Exercise aim
Every line of the material must be restated exactly, though not its pictures.

==== Supplied material

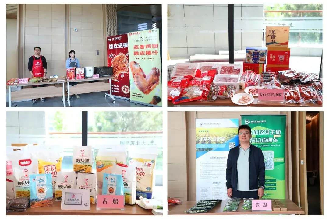 大北农集团大有谷系列优质农产品、顺鑫农业旗下牛栏山白酒、牵手果蔬饮品、鹏程肉品、二商大红门五肉联优质畜禽肉制品、首农股份华都食品、古船食品系列米面粮油、密云不老屯特色农产品、中国高促会成果转化项目、中国农科院杜嘉大健康产品、内蒙古沙漠特色肉苁蓉、养生星油藤茶、湖南慈利供销投资特色农产品、上海伽易信息技术智慧农业解决方案、北京农担金融服务、北京农商银行、邮储银行昌平支行惠农金融产品、北京泷源农业产业化研究院科研成果等悉数展出。
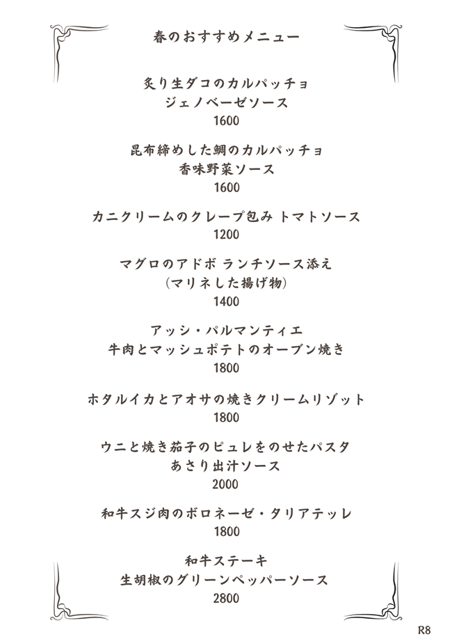本日は、旬の食材を惜しみなく使った、春メニューのご案内です。
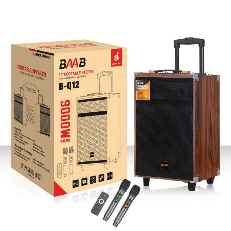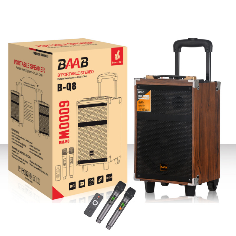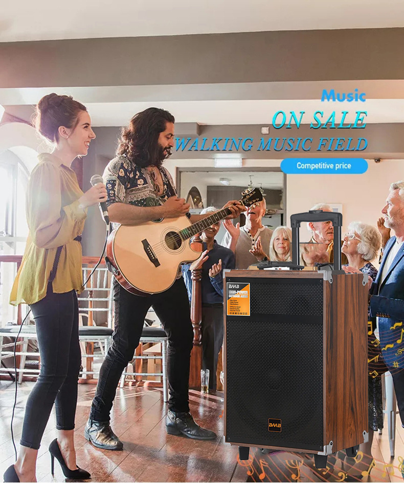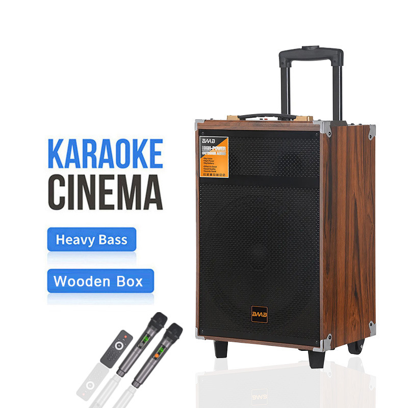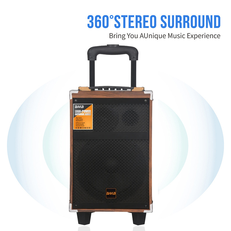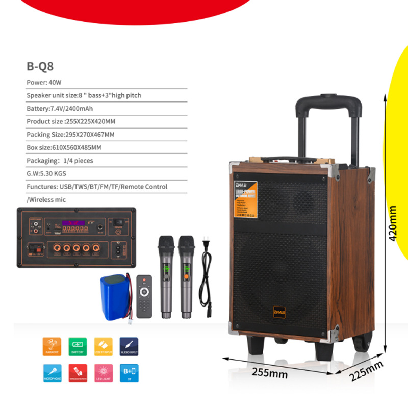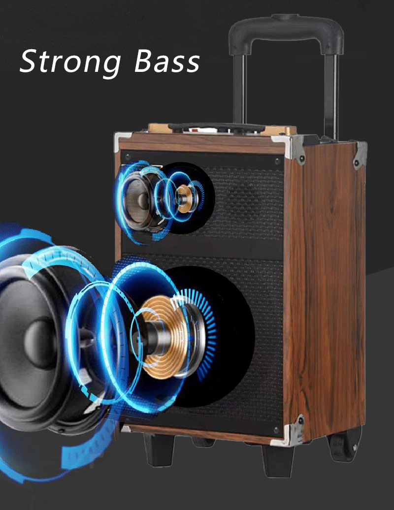 Cross border wooden high volume 40W handcart wireless speaker outdoor square dance mobile portable Bluetooth speaker
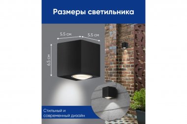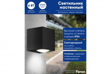 Светильник уличный светодиодный, на стену (ДБУ) FERON DH054, серия Бостон, 6W, 4000К (белый натуральный), 230V/50Гц, 400Lm, IP54, 1LED*COB, класс защиты 1, раб.t -40°C...+40°C, цвет черный, корпус алюминий, 55*55*65мм,

========

Solution
 大北农集团大有谷系列优质农产品、顺鑫农业旗下牛栏山白酒、牵手果蔬饮品、鹏程肉品、二商大红门五肉联优质畜禽肉制品、首农股份华都食品、古船食品系列米面粮油、密云不老屯特色农产品、中国高促会成果转化项目、中国农科院杜嘉大健康产品、内蒙古沙漠特色肉苁蓉、养生星油藤茶、湖南慈利供销投资特色农产品、上海伽易信息技术智慧农业解决方案、北京农担金融服务、北京农商银行、邮储银行昌平支行惠农金融产品、北京泷源农业产业化研究院科研成果等悉数展出。
本日は、旬の食材を惜しみなく使った、春メニューのご案内です。
 Cross border wooden high volume 40W handcart wireless speaker outdoor square dance mobile portable Bluetooth speaker
 Светильник уличный светодиодный, на стену (ДБУ) FERON DH054, серия Бостон, 6W, 4000К (белый натуральный), 230V/50Гц, 400Lm, IP54, 1LED*COB, класс защиты 1, раб.t -40°C...+40°C, цвет черный, корпус алюминий, 55*55*65мм,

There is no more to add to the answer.